La flûte d’ébène aux bagues d’ivoire, la réplique exacte d’un modèle « Palanca » du XVIIIe siècle, séduit la musicienne. Jusqu’alors passionnée de musique moderne et jazz, Emi Ferguson se tourne vers le baroque. Elle se produit avec l’orchestre de Juilliard et une fois diplômée, elle est invitée à jouer avec Les Arts Florissants lors du festival d’été que William Christie organise chaque année dans sa résidence vendéenne.

« Des musiciens pop à la cour de Louis XIV »

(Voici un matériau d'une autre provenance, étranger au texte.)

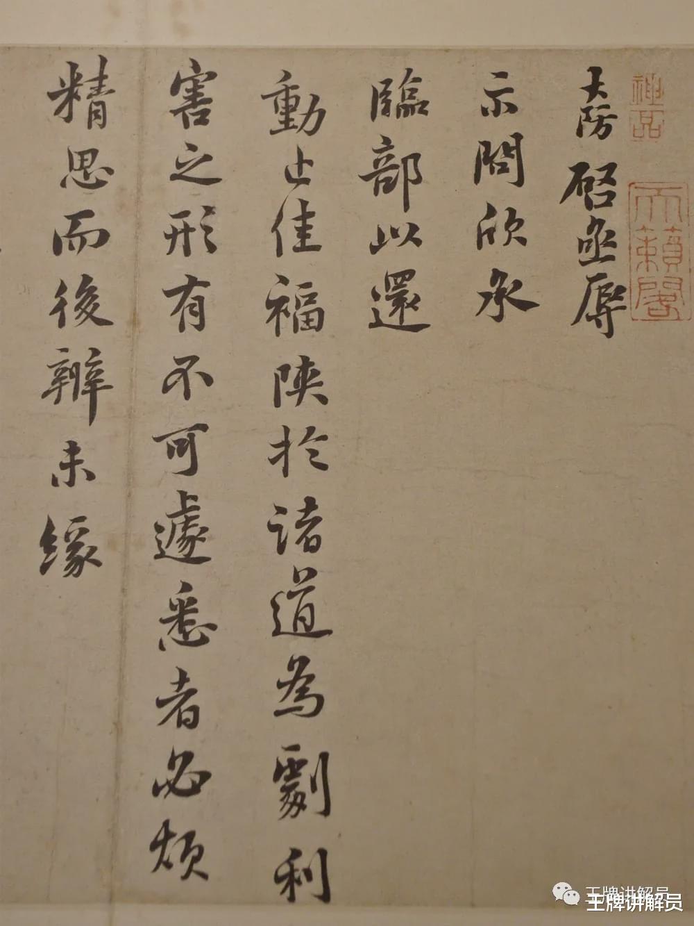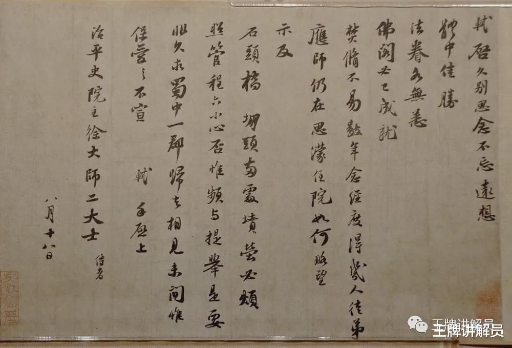 王诜在第一单元的地位堪称尊贵。除苏轼外,其他北宋名人都只争取到一个“展位”——展示一件与其有关的文物。(虽然《新岁展庆帖》《人来得书帖》都提到陈慥,但二帖被合裱为一件手卷,只能算一个展位)

Le premier album d’Emi Ferguson, Amour Cruel, sorti en septembre dernier, redonne vie aux airs de cour, un genre qui s’est épanoui au XVIIe siècle sous l’influence de Louis XIV et du compositeur Jean-Baptiste Lully avant de tomber dans l’oubli. « J’ai réécris ces paroles et ces harmonies en imaginant que le roi avait invité des artistes pop à Versailles », explique-t-elle.

Des archives de la bibliothèque de Juilliard, Emi Ferguson exhume des chansons écrites il y a quatre cents ans. Un célèbre poème de Ronsard écrit en 1545 et mis en musique au XVIe siècle, déniché dans un « vieux livre poussiéreux », devient « Mignonne », la seconde piste de l’album. Deux airs sont « librement traduits » en anglais, les autres sont chantés en français. Pour placer sa voix, la musicienne demande conseil à l’Américain Thomas Grubb, coach de diction française et spécialiste du chant de la Renaissance.

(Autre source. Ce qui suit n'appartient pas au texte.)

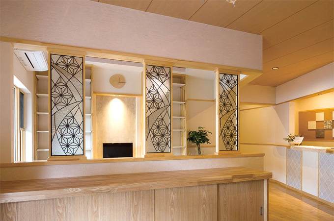 衝立に組み入れた特注品です。気品ある「和」のテイストを施したことで印象がグレードアップしました。
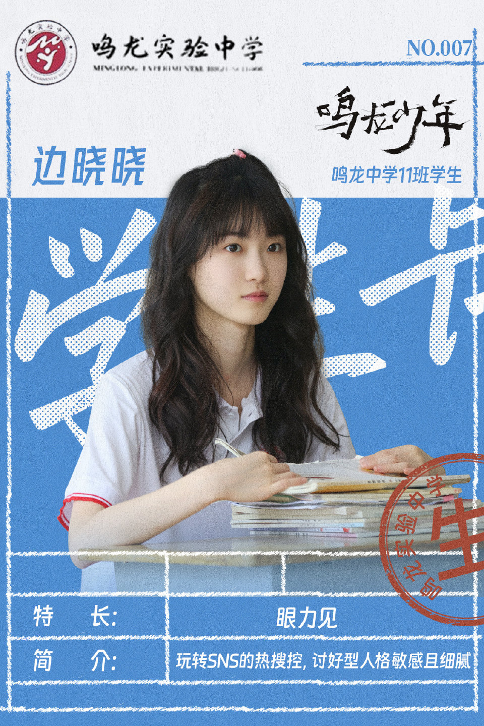 밍롱학교 고3 11반 학생. 학업에 별로 신경 쓰지 않는다. 인기 왕홍이 되는 것이 꿈이다. 부모님은 도시에 돈을 벌러 나가 고모집에서 살고 있다. 이 집에서 계속 지낼 수 있도록 그녀는 착하고 철든 모습을 보여준다. 학교에서도 친구들의 비위를 맞춰주는 전형적인 '비위 맞추기형 스타일'이다.
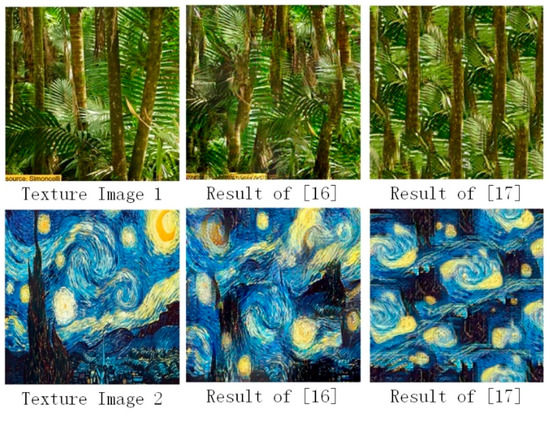 - Gatys, L.A.; Ecker, A.S.; Bethge, M. Texture Synthesis Using Convolutional Neural Networks. In Advances in Neural Information Processing Systems; MIT Press: Cambridge, MA, USA, 2015. [Google Scholar] [CrossRef][Green Version]
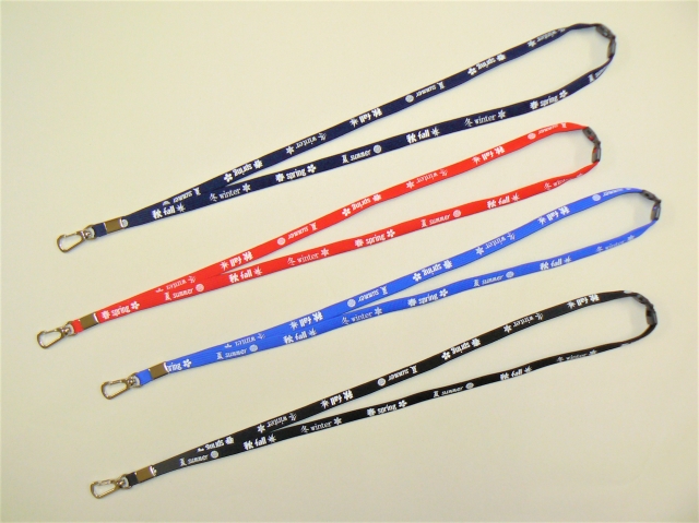 安価・短納期(ご相談下さい!!) ポリエステルの柔らかい素材です。 テープの色目は数種類ございます。 長さや・先端のパーツの種類・ロットなどご相談承ります。 カラーバリエーションは50色 ※カラーはPCモニターでは色彩、発色が異なります。ご了承ください。 シルク印刷も可能です

Le magazine Billboard a placé Amour Cruel en dix-septième position de son classement des albums classiques. « C’est un honneur », admet Emi Ferguson, mais la musique baroque reste « une niche ». L’opéra attire plus d’étudiants que la musique de la Renaissance, mais la flûtiste francophile poursuit son œuvre. Elle se produira le 9 novembre au Manderley Bar de New York puis le 20 novembre à Montreuil, au nord-est de Paris.